◆ Task directions:
Exclude the pictures, then copy word for word the lines running from the beginning of the records through the line with "TikToker Kelsey Soles".
════
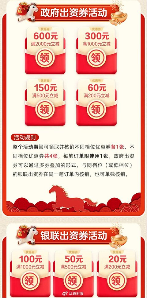 银联出资券同步配套满200减20、满500减50、满1000减100三档补贴。根据规则,银联券可与同档位或低档位的政府出资券在同一笔订单内叠加核销,也可单独使用。
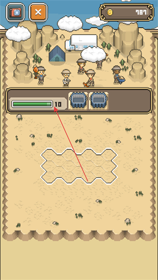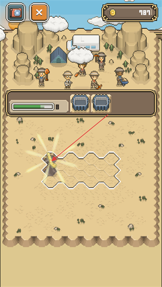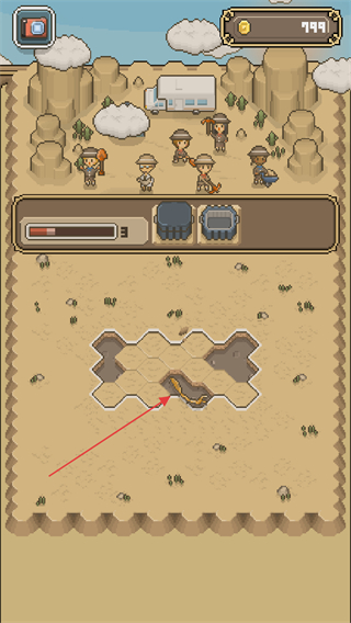 1、在挖掘場景中,點擊上方的道具按鈕,準(zhǔn)備使用挖掘道具。
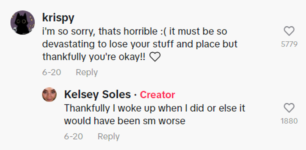 TikToker Kelsey Soles recently experienced a literal nightmare upon waking when she woke up and realized her entire apartment was on fire, as a result of an electrical issue.
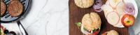 Χωρίστε το κρέας σε τέσσερα κομμάτια, πλάστε κάθε κομμάτι σε μια μπάλα, ισιώστε την ώστε να είναι ελαφρώς μεγαλύτερη από τα ψωμάκια. Σε ένα μικρό μπολ, αναμίξτε τη σάλτσα Α1, τη Γούστερ σως και τη σάλτσα ντομάτας -προσθέτοντας τόσο από το καθένα κατά βούληση- και στη συνέχεια ρίξτε μέσα τα ψιλοκομμένα κρεμμυδάκια εσαλότ, ανακατέψτε και αφήστε στην άκρη.Προθερμάνετε μια μεγάλη πλάκα ψησίματος ή ένα μεγάλο τηγάνι για περίπου 4 λεπτά σε υψηλή θερμοκρασία. Μειώστε την ένταση στο μέτριο. Βάλτε τα μπιφτέκια στην πλάκα ψησίματος ή στο τηγάνι και χρησιμοποιώντας μια σπάτουλα πατήστε τα ελαφρώς προς τα κάτω φροντίζοντας το μπιφτέκι να είναι σε πλήρη επαφή με την επιφάνεια. Ψήστε τα ανάλογα με την προτίμησή σας για 3 ή 4 λεπτά από κάθε πλευρά. Κόψτε στη μέση τα ψωμάκια, τοποθετήστε τα σε ένα ταψί και ζεστάνετέ τα στον φούρνο για περίπου 8-10 λεπτά. Για να στήσετε τα τσίζμπεργκερ σας, απλώστε τη σάλτσα με τα κρεμμυδάκια εσαλότ πάνω στο κάτω ψωμάκι, προσθέστε μερικές φέτες τραγανό μήλο και στη συνέχεια το μπιφτέκι και ένα ωραίο κομμάτι μπλε τυριού. Ολοκληρώστε με λίγο νεροκάρδαμο και σερβίρετε αμέσως.
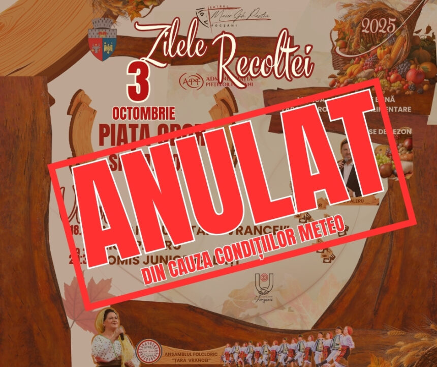 Spectacolul din cadrul evenimentului „Zilele Recoltei” programat pentru această seară, vineri, 3 octombrie va fi anulat din cauza condiţiilor meteo. Astăzi, Municipiul Focșani este sub cod galben de vânt și precipitații.
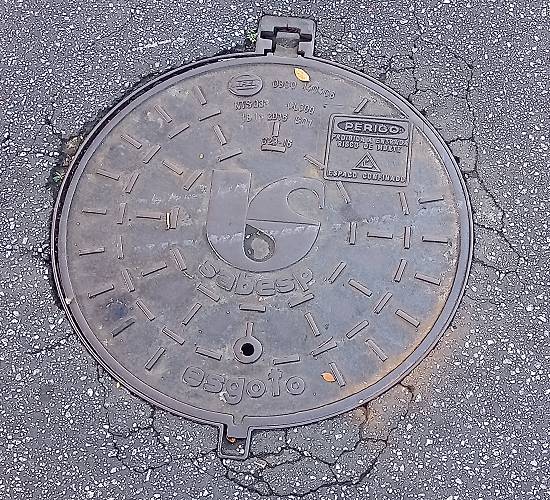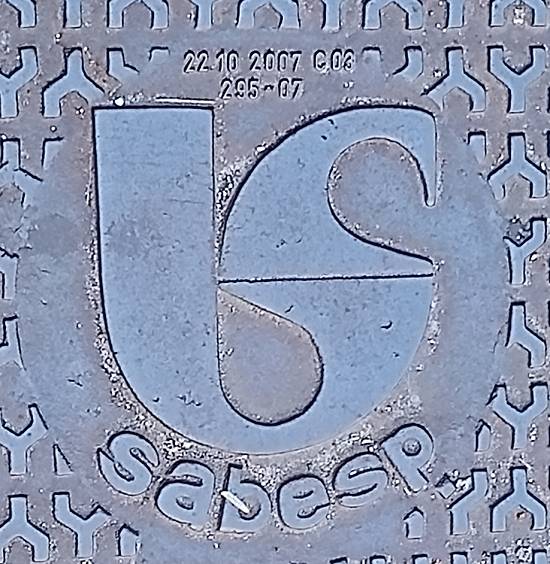 O tempo vai passando, as tampas em ferro fundido fáceis de roubar e vender para depósitos de ferro-velho vão sendo substituídas por outras em concreto, o cimento usado no conserto de calçadas ou o asfalto nas ruas acabam recobrindo antigas tampas, dificultando a leitura das inscrições. Como neste caso, em que parece ser lido o ano 1971 na parte inferior e uma sigla de empresa pública (que não seriam Sabesp nem Telesp, já que estas surgiram em 1973). Fica o desafio para que o leitor prossiga na pesquisa. Encontrará decerto muitas outras, talvez bem conservadas ainda... bem debaixo de seus pés.
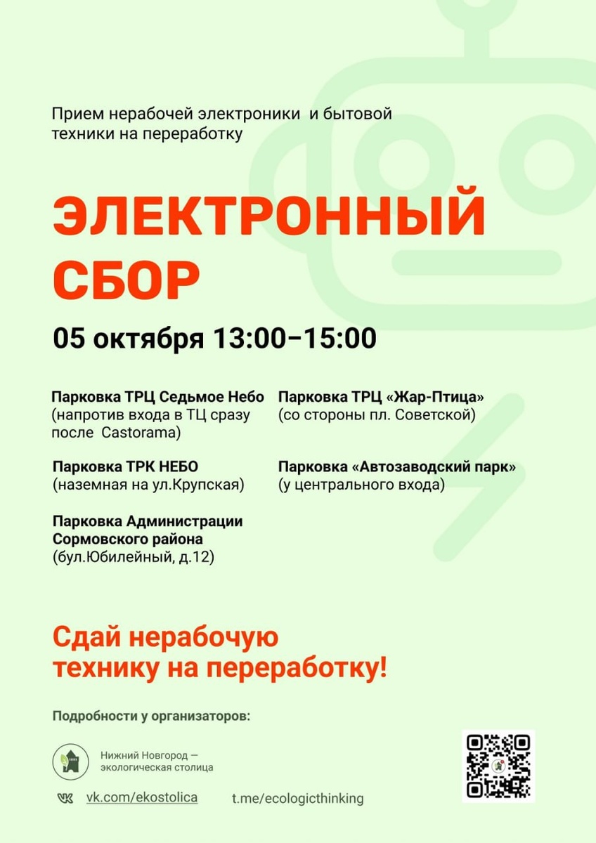 5 октября Экостолица проводит акцию «Электронный сбор» в Нижнем Новгороде и принимает на переработку нерабочую бытовую технику и электронику! В этот день вы сможете сдать на переработку: сломанные мобильные телефоны, нерабочую компьютерную и бытовую технику, провода, компьютерные мыши, игровые устройства, нерабочие инструменты (дрели, шуруповерты и т.д), видео- и музыкальные устройства. Подробный список будет в следующих постах, не пропустите! Важно! НЕ смогут принять: батарейки, лампочки, детские игрушки, диски, пластиковые карты, электронные сигареты. Всё собранное отправится на переработку. 5 октября с 13:00 до 15:00 по адресам: 1. Парковка ТРЦ Седьмое Небо (напротив входа в ТЦ сразу после Castorama); 2. Парковка ТРК НЕБО (важно наземная, на ул. Крупская, через дорогу от ТРК НЕБО); 3. Парковка ТРЦ Жар-Птица (со стороны пл. Советской); 4. Парковка "Автозаводский парк" (у центрального входа); 5. Парковка Администрации Сормовского района (бул. Юбилейный, д.12). 😄 Мероприятия Ниж
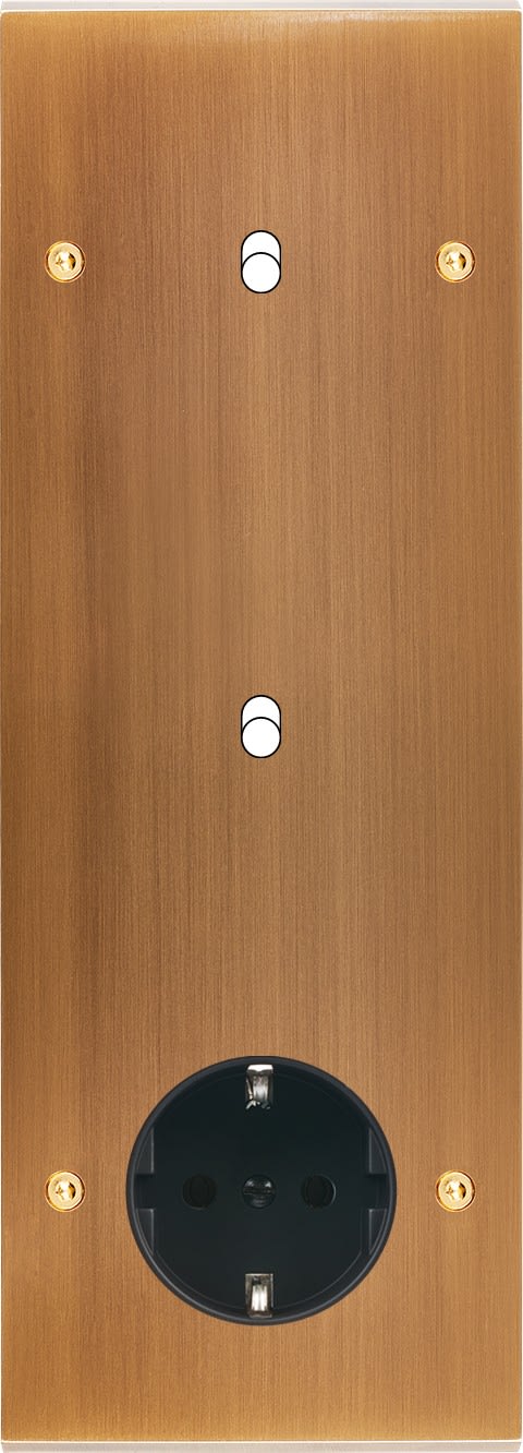 Façade Confidence en laiton massif finition à visieux Bronze triple verticale 1 Basculeur 1 Basculeur 1 prise Schuko à vis. Dimensions : 80x222x5mm, deux chanfreins biseautés. A associer à nos leviers en laiton massif. Fabriqué en France.
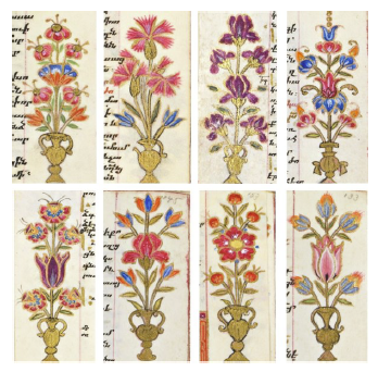 Fig. 4 Marginal ornaments in MS LA 216, Gospel, 1686, Isfahan (New Julfa), fols. 68r, 55r, 22v, 82r, 94v, 145r, 153r, 133r. © Museu Gulbenkian.
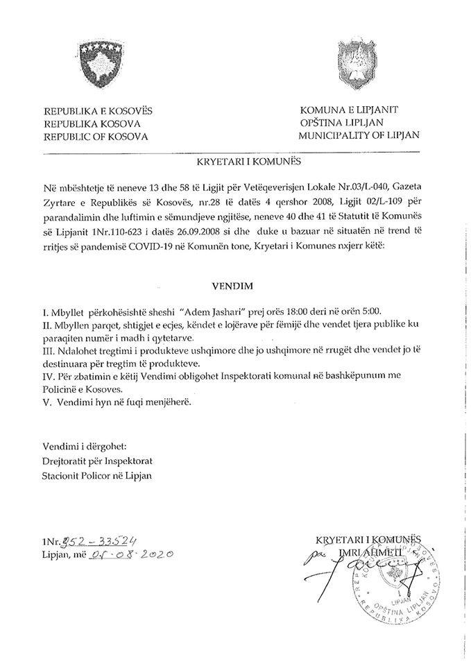Kryetari i komunës së Lipjanit, Imri Ahmeti ka marr vendim për mbylljen e përkohshme të shesheve dhe parqeve për shkak të situatës së krijuar pas rasteve të fundit me COVID-19 në këtë komunë.
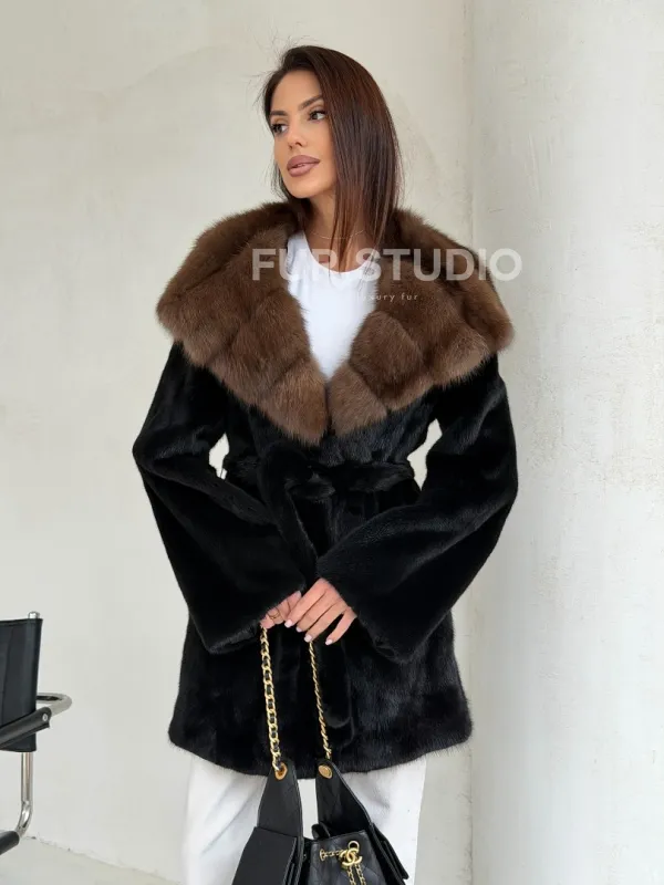 Мех данной шубы аукционная норка, цвет черный. Предлагается в размерах от 42 до 52. Длина модели 80-85 см, что выгодно подчеркивает фигуру девушек. Эта модель идеально подойдет для девушек и женщин, предпочитающих роскошные натуральные меха.
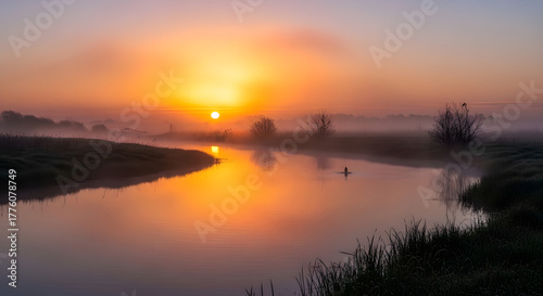 sunrise, river, mist, fog, landscape, dawn, water, nature, morning, peaceful, serene, tranquil, aethereal, sunlight, scenic, horizon, beauty, sky, gold, light, calm, cloud, outdoors, environment, relaxation, nobody, tree, plant, silhouette, kayak, adventure, sport, recreation, paddling, vacation, tour tourism, travel, exploration, wilderness, quiet, mystic, dreamy, magical, vibrant
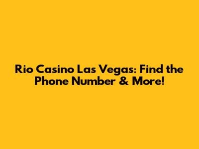 Rio Casino Las Vegas: Find The Phone Number & More!
════
◆ Answer for the task:
 银联出资券同步配套满200减20、满500减50、满1000减100三档补贴。根据规则,银联券可与同档位或低档位的政府出资券在同一笔订单内叠加核销,也可单独使用。
 1、在挖掘場景中,點擊上方的道具按鈕,準(zhǔn)備使用挖掘道具。
 TikToker Kelsey Soles recently experienced a literal nightmare upon waking when she woke up and realized her entire apartment was on fire, as a result of an electrical issue.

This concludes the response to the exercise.